Herstel van een inschrijving is hooguit toegestaan indien aan al deze voorwaarden is voldaan:
- Er is sprake van een klaarblijkelijke behoefte aan precisering of een kennelijke materiële fout;
- De aanbestedende dienst heeft vóór het aanbieden van een herstelmogelijkheid kennisgenomen van alle inschrijvingen;
- Alle inschrijvers wordt op vergelijkbare manier een herstelmogelijkheid geboden;
- Het herstel leidt er niet toe dat in werkelijkheid een nieuwe inschrijving ontstaat; en
- Er is geen sprake van het aanvullen of verbeteren van een stuk of informatie dat/die volgens de aanbestedingsstukken verplicht diende te worden verstrekt.
Als aan deze eisen is voldaan, kan een aanbestedende dienst een herstelmogelijkheid bieden. In zijn beoordeling van de herstelbaarheid van een gebrek behandelt de aanbestedende dienst inschrijvers “gelijk en op loyale wijze”.
Het Poolse recht verplicht een aanbestedende dienst onder omstandigheden om een herstelmogelijkheid te bieden.
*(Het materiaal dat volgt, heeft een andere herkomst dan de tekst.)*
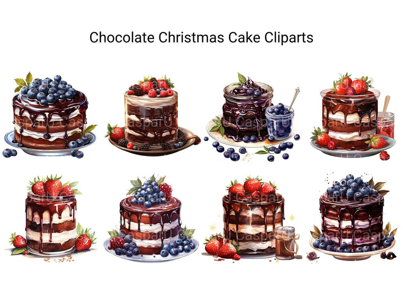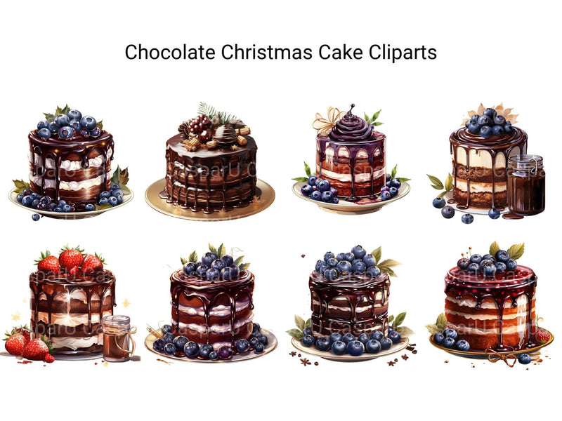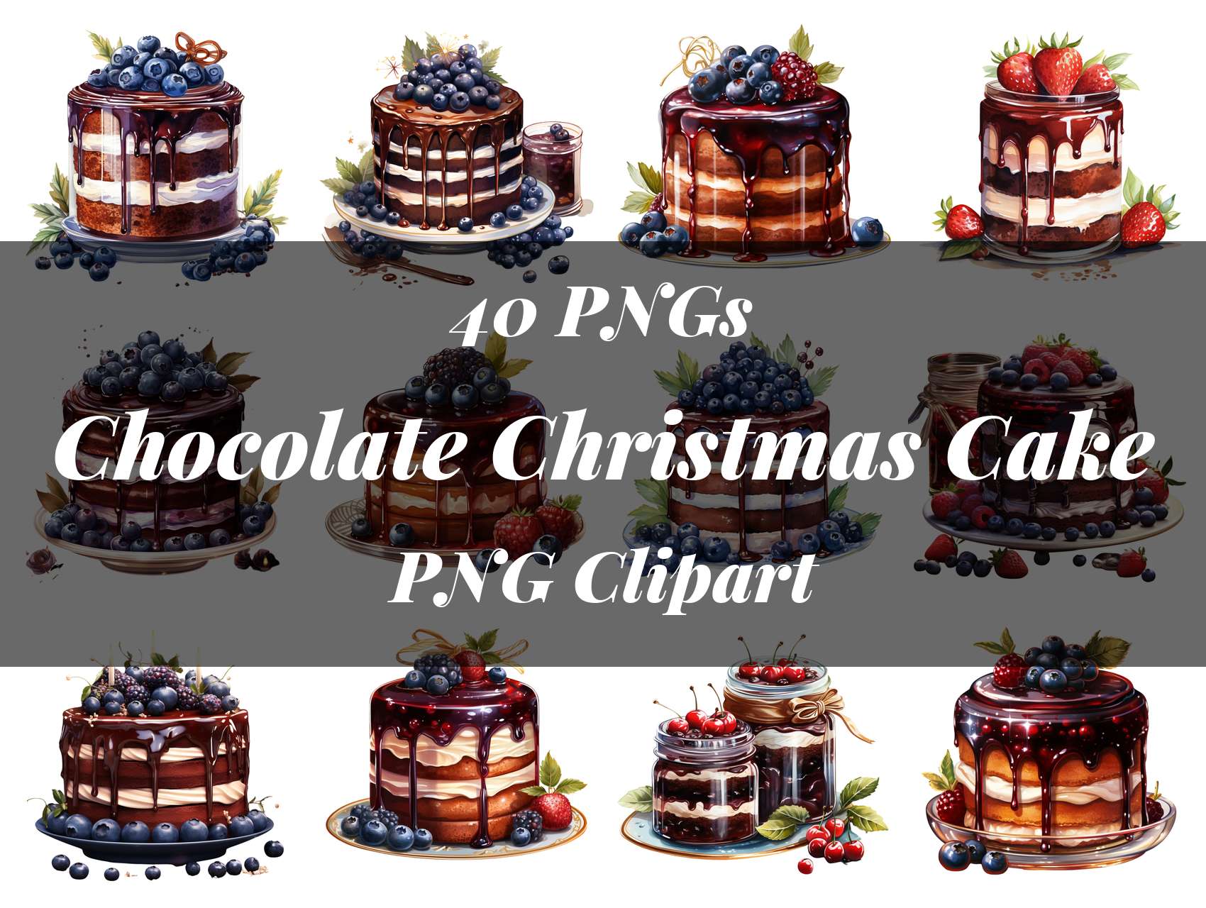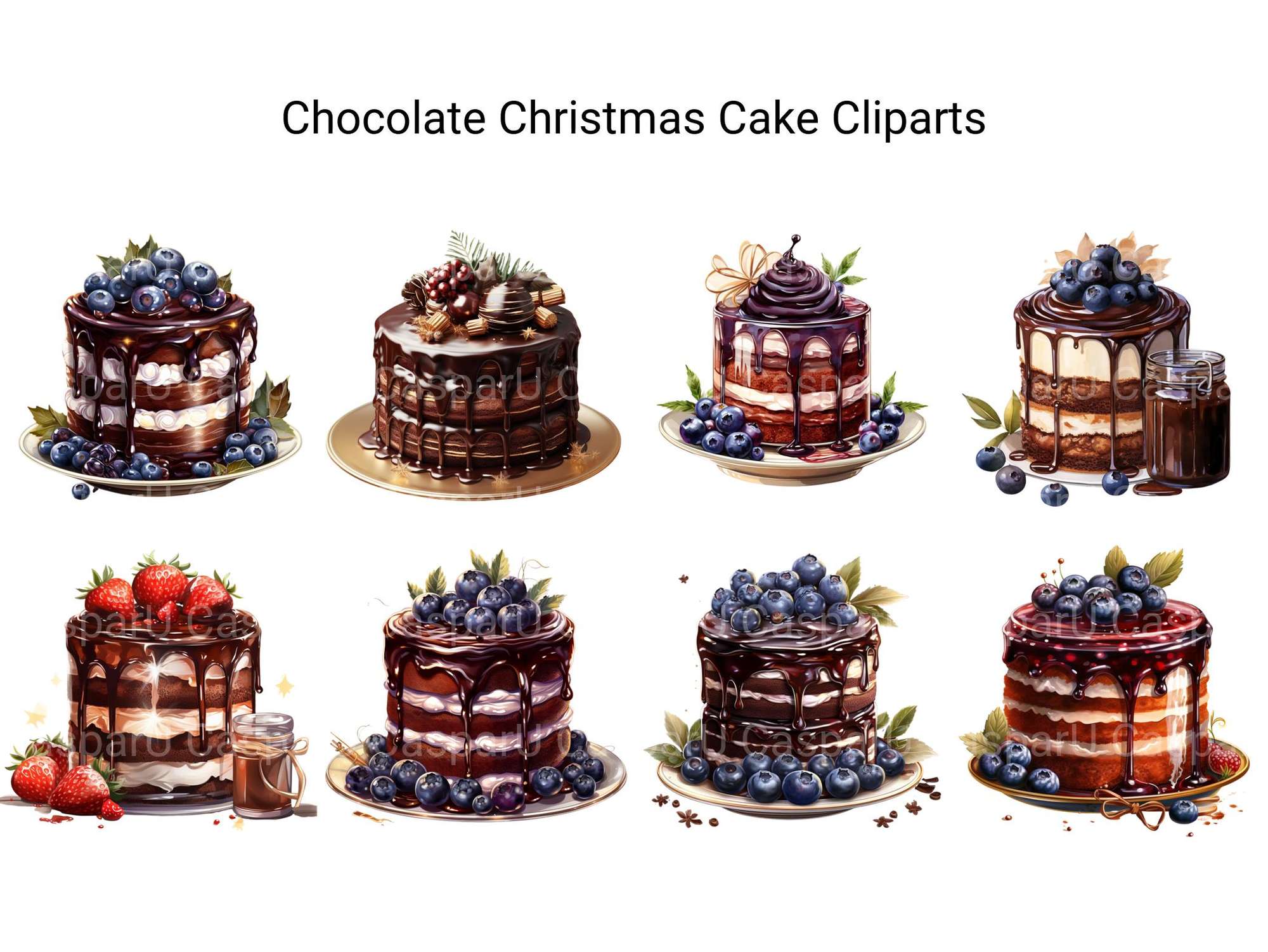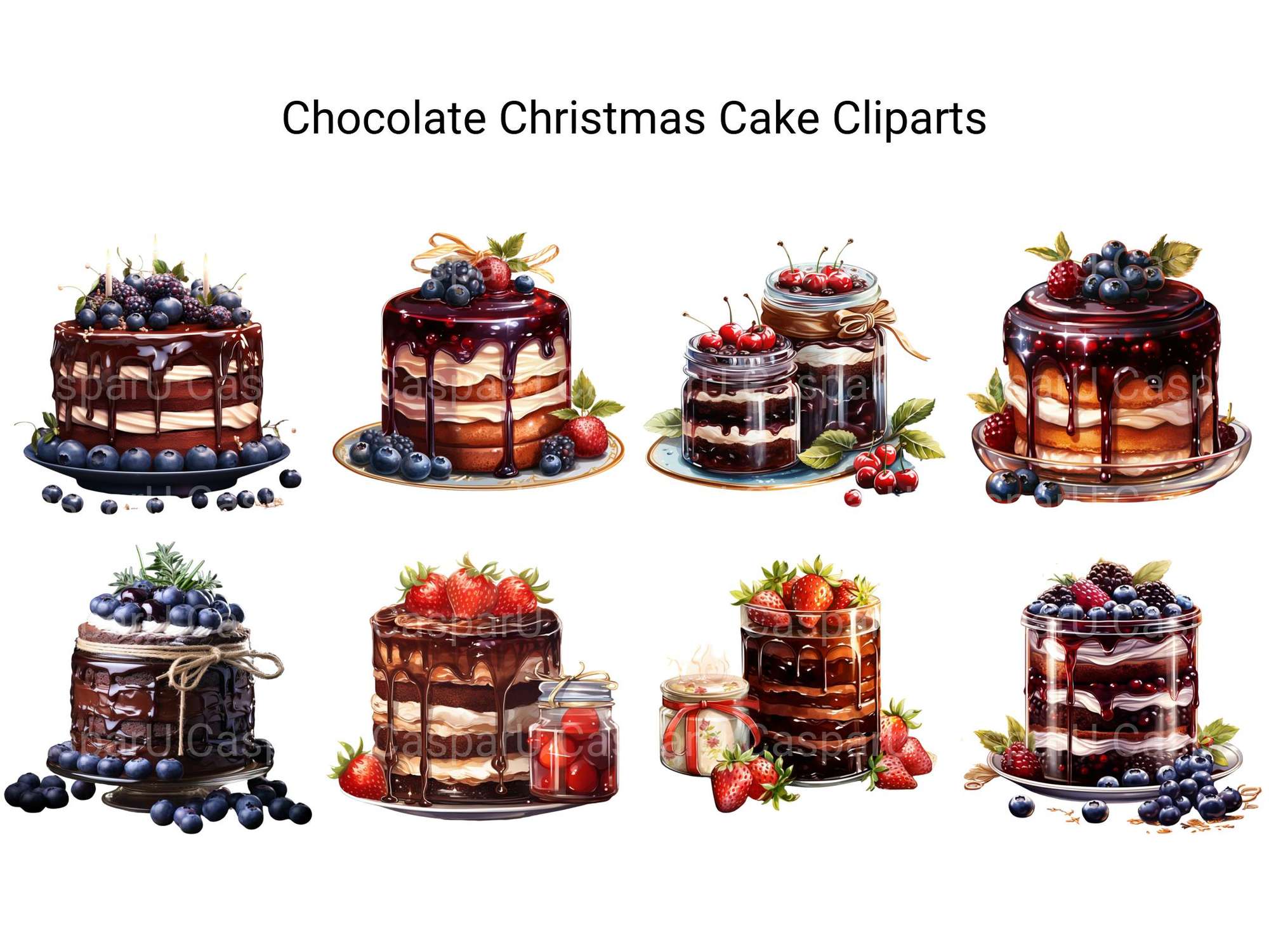 Celebrate with this Chocolate Christmas Cake Clipart set, featuring rich cake designs, ideal for holiday dessert crafts.

Die verplichting is volgens het Europese Hof slechts toegestaan binnen de kaders van bovengenoemde voorwaarden. Als daaraan niet is voldaan, bestaat geen verplichting voor de aanbestedende dienst, ongeacht de nationaalrechtelijke bepaling.
Met deze vingerwijzing van het Hof zal de Poolse rechter moeten beoordelen of Archus en Gama een nieuwe microfilm hadden mogen indienen. Zijn uitspraak laat zich raden. De oude microfilm voldeed niet en had tot afwijzing van de inschrijving (ongeldigheid) geleid, zodat niet is voldaan aan bovenstaande vijfde eis. Bovendien zal met de nieuwe microfilm snel “in werkelijk een nieuwe inschrijving” zijn ontstaan (eis 4). Tot slot is de oude microfilm waarschijnlijk geen kennelijke materiële fout en is de nieuwe microfilm geen precisering. De Poolse rechter zal het geboden herstel dus afkeuren. Op grond van de oude, gebrekkige microfilm zullen Archus en Gama de opdracht mislopen.
Commentaar
Het Nederlandse nationale recht geeft (anders dan kennelijk het Poolse recht) aanbestedende diensten relatieve vrijheid. Zij kunnen herstelmogelijkheden bieden, maar zijn daartoe zelden verplicht. Zij dienen – uiteraard – bij de uitoefening van hun bevoegdheden bovengenoemde Europeesrechtelijke criteria te hanteren.
Soms bestaat echter ook voor Nederlandse aanbestedende diensten een verplichting tot herstel. Het ARW 2016 schrijft voor dat de aanbesteder ter zake van een gebrekkige eigen verklaring (UEA) of gebrekkige bewijsmiddelen (o.a. GVA) een hersteltermijn van twee werkdagen biedt. Uit de uitspraak van het Europees Hof volgt (andermaal) dat zulk herstel toch achterwege moet blijven als het in strijd zou zijn met bovenstaande vijf vereisten.